**EXERCISE INSTRUCTIONS:** All lines from the one containing "Dove la dorsale" through the final line of the records below should be reproduced exactly, with the pictures left out.

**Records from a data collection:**

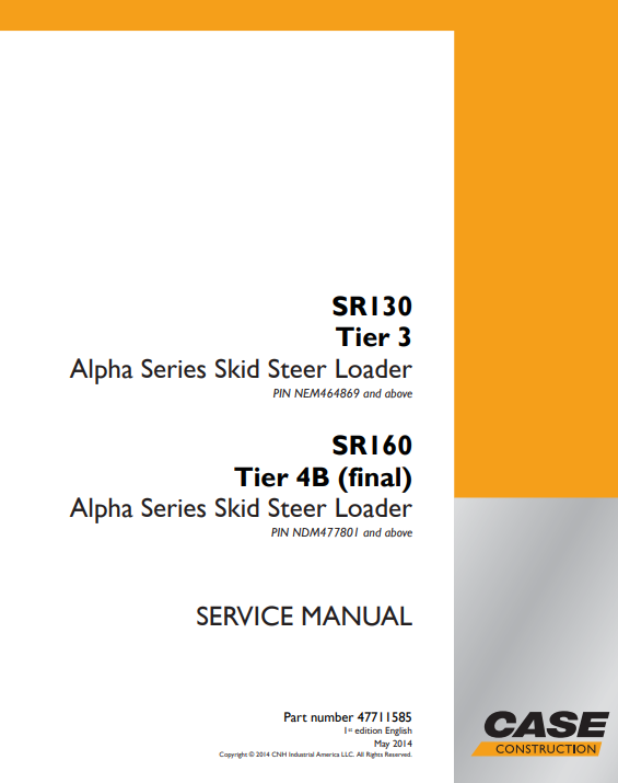 Case SR130 Tire 3, SR160 Tire 4B Skid Steer Service Repair Manual
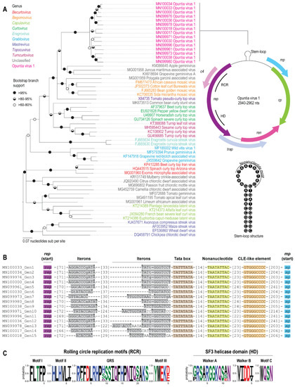 (A). Neighbor-Joining phylogenetic tree of the full-length genome of representatives of the 15 genotypes of OpV1 with those of the family Geminiviridae. Branches with < 60% bootstrap support are collapsed, and the tree is midpoint-rooted. The genomic organization of OpV1 and the stem–loop structure containing the nonanucleotide motif are shown to the right of the phylogenetic tree. (B). Nucleotide sequence and organization of origin of replication-associated iterative sequences “iterons” in the intergenic region. Arrows indicate the orientation of the iterons with respect to the nonanucleotide sequence. Lower-case letters in an iterated element indicate a nucleotide that does not match in all the iterons from OpV1 viruses of that same genotype. The TATA box, nonanucleotide motif and conserved late element (CLE)-like sequence. (C). Graphic representation of the variation in amino acids in the motifs from the SF3 helicase domains and the rolling circle replication motifs present in the Rep sequences of the 79 OpV1s.
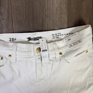 J.Crew Petite Lower Rise Full Length Slim Wide Leg Jeans 28P White Denim Stretch
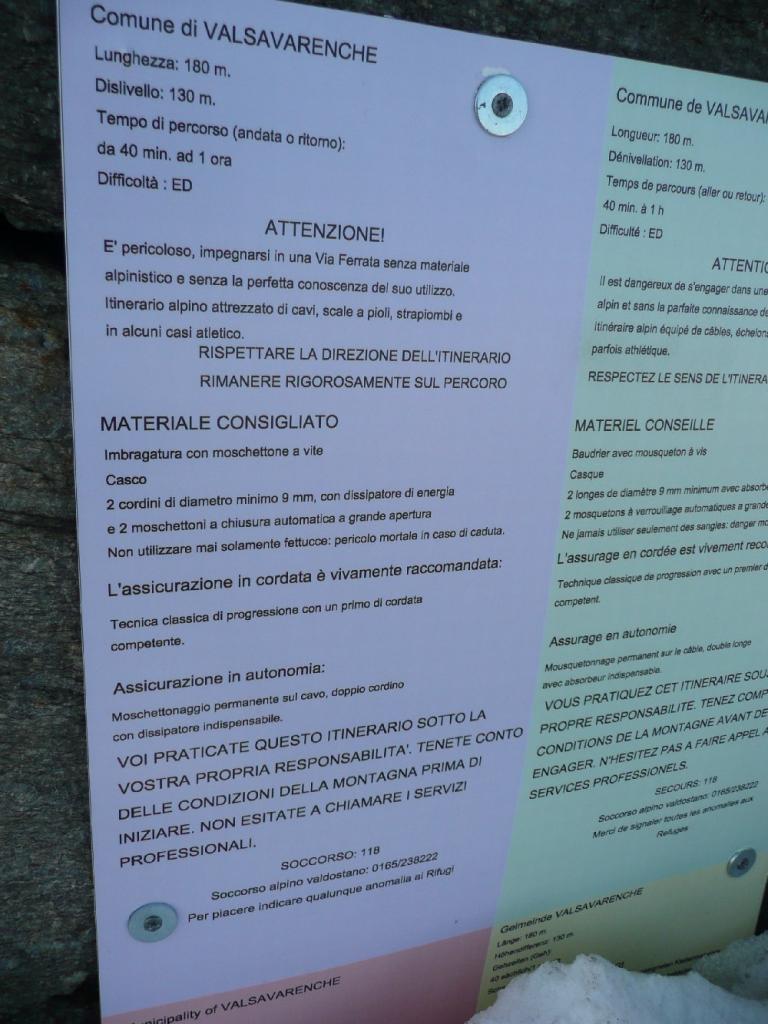 Dove la dorsale si restringe e la neve lascia il posto a stretti affioramenti rocciosi ha inizio la via ferrata, segnalata da apposito cartello indicatore multilingue.
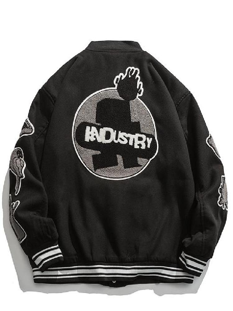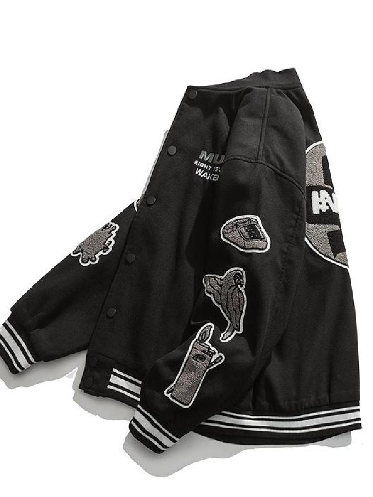 这款夹克外套选用了棒球夹克的版型设计,简约的棒球立领,赋予了衣身活力感和运动气息,显得更有朝气;衣身采用了撞色和拼接的设计,增添了衣身的层次感;精致立体的毛巾绣装饰,色彩丰富,彰显趣味性和童趣,活跃衣身整体,上身更显的青春有型,散发出街头潮流气息,酷帅有格调。

**RESULT:**
 Dove la dorsale si restringe e la neve lascia il posto a stretti affioramenti rocciosi ha inizio la via ferrata, segnalata da apposito cartello indicatore multilingue.
 这款夹克外套选用了棒球夹克的版型设计,简约的棒球立领,赋予了衣身活力感和运动气息,显得更有朝气;衣身采用了撞色和拼接的设计,增添了衣身的层次感;精致立体的毛巾绣装饰,色彩丰富,彰显趣味性和童趣,活跃衣身整体,上身更显的青春有型,散发出街头潮流气息,酷帅有格调。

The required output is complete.